(Dataset records)
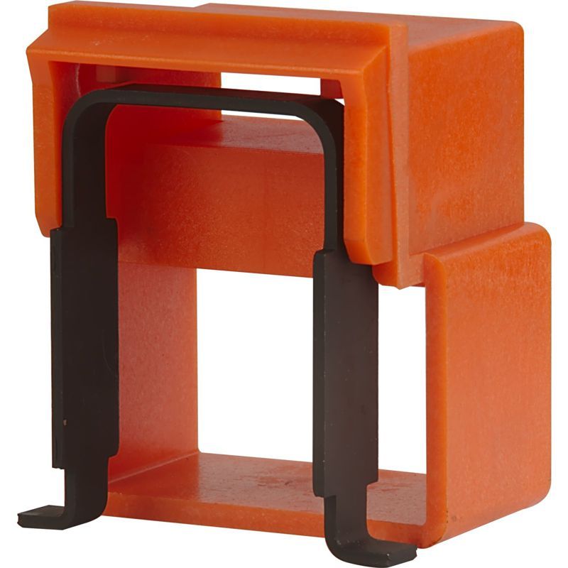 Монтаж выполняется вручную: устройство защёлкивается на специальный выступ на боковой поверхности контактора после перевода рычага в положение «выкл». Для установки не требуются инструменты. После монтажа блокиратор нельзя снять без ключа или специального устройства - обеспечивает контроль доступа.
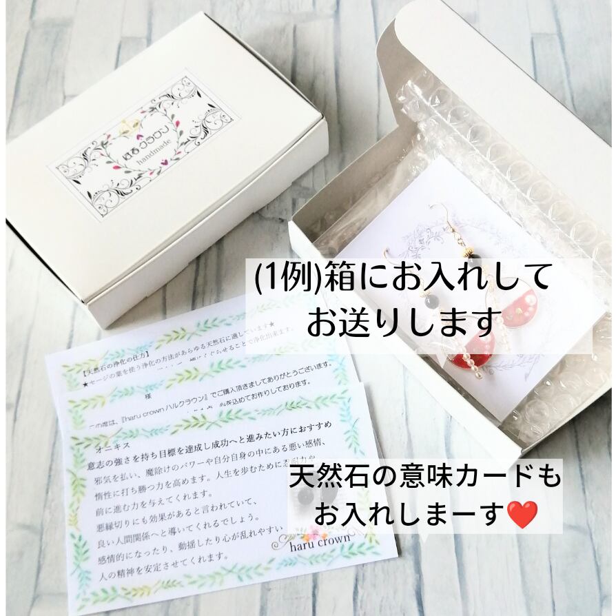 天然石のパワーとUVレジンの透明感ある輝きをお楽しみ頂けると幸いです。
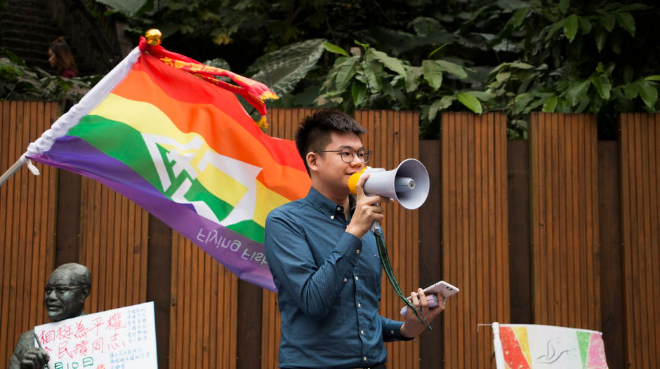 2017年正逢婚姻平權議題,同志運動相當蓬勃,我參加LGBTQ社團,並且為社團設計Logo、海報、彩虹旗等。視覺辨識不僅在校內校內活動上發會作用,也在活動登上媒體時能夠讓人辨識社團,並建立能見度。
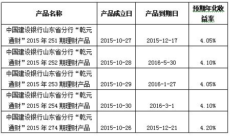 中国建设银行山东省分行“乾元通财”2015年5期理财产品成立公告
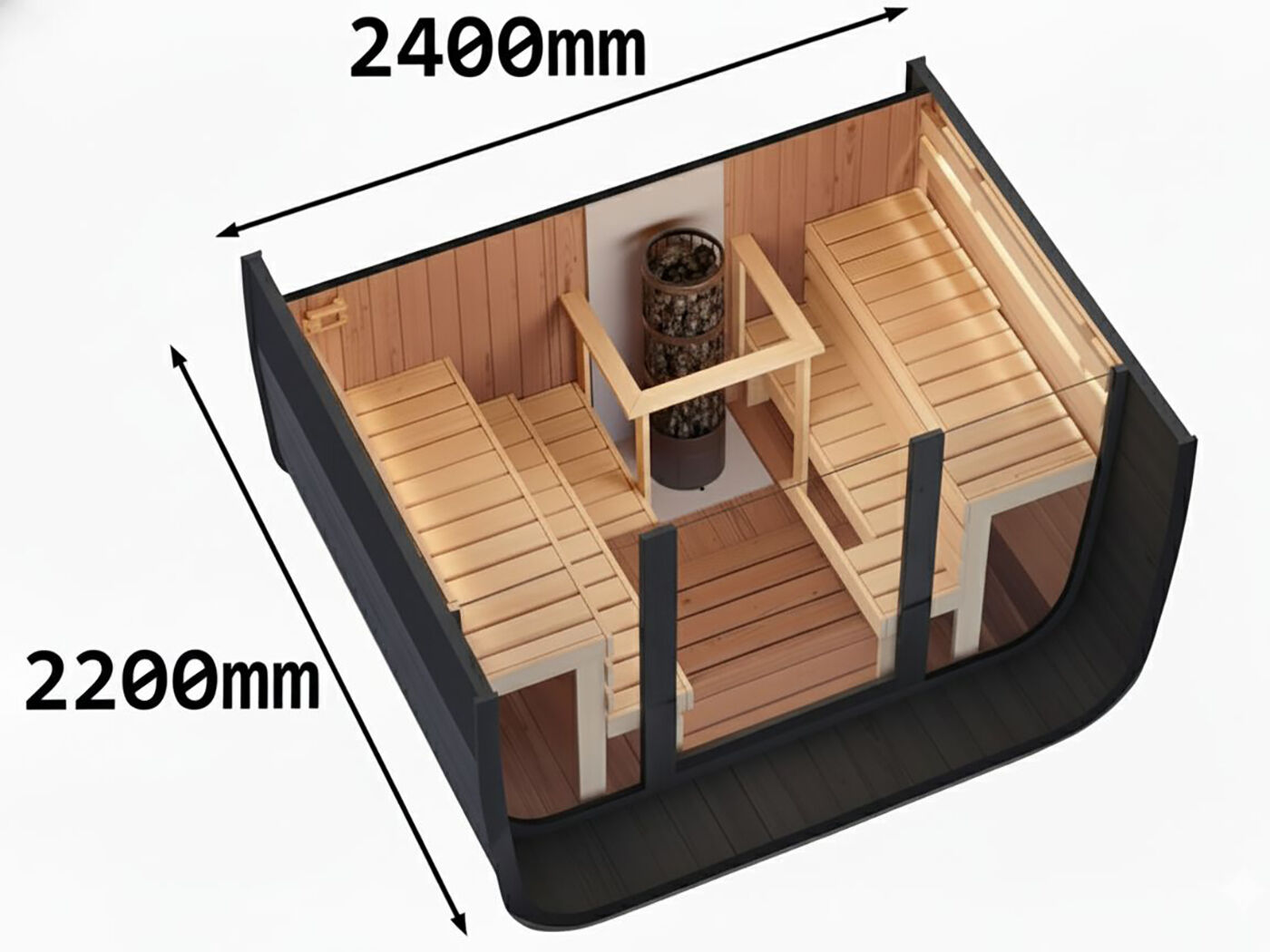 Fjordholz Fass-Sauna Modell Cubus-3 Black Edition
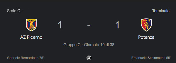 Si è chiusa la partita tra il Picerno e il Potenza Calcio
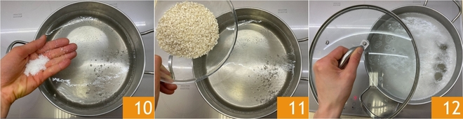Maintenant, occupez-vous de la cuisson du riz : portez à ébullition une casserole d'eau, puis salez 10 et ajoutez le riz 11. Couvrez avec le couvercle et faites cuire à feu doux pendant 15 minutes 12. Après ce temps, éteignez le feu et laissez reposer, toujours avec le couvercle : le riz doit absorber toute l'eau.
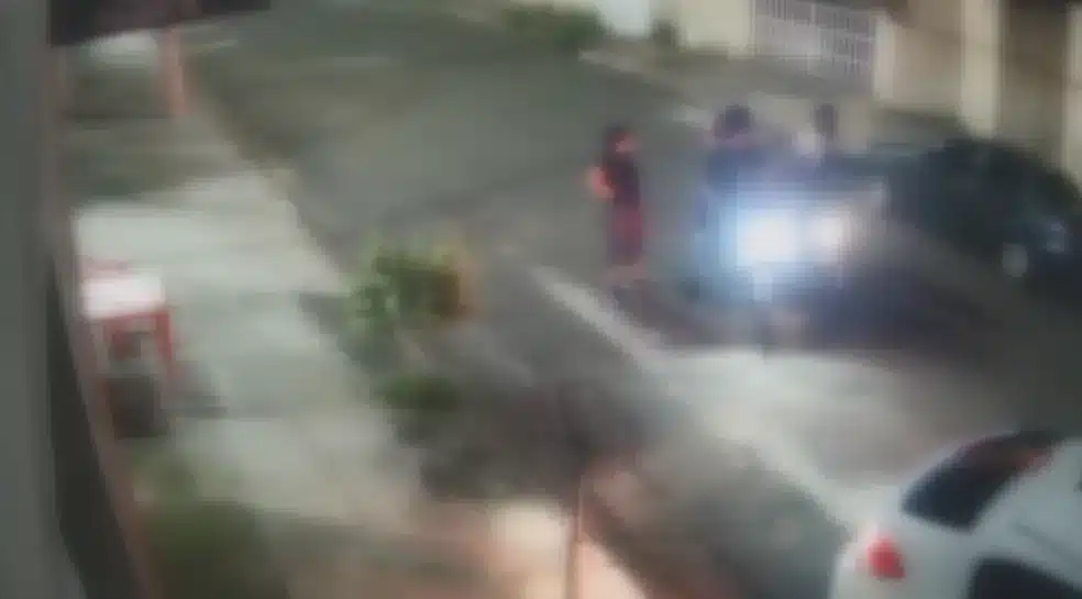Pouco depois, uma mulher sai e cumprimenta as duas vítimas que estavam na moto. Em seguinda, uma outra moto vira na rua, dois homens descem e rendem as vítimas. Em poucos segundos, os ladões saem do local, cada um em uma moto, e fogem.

Assignment: With the pictures omitted, reproduce the records in full and exactly.

Exercise result:
 Монтаж выполняется вручную: устройство защёлкивается на специальный выступ на боковой поверхности контактора после перевода рычага в положение «выкл». Для установки не требуются инструменты. После монтажа блокиратор нельзя снять без ключа или специального устройства - обеспечивает контроль доступа.
 天然石のパワーとUVレジンの透明感ある輝きをお楽しみ頂けると幸いです。
 2017年正逢婚姻平權議題,同志運動相當蓬勃,我參加LGBTQ社團,並且為社團設計Logo、海報、彩虹旗等。視覺辨識不僅在校內校內活動上發會作用,也在活動登上媒體時能夠讓人辨識社團,並建立能見度。
 中国建设银行山东省分行“乾元通财”2015年5期理财产品成立公告
 Fjordholz Fass-Sauna Modell Cubus-3 Black Edition
 Si è chiusa la partita tra il Picerno e il Potenza Calcio
Maintenant, occupez-vous de la cuisson du riz : portez à ébullition une casserole d'eau, puis salez 10 et ajoutez le riz 11. Couvrez avec le couvercle et faites cuire à feu doux pendant 15 minutes 12. Après ce temps, éteignez le feu et laissez reposer, toujours avec le couvercle : le riz doit absorber toute l'eau.
Pouco depois, uma mulher sai e cumprimenta as duas vítimas que estavam na moto. Em seguinda, uma outra moto vira na rua, dois homens descem e rendem as vítimas. Em poucos segundos, os ladões saem do local, cada um em uma moto, e fogem.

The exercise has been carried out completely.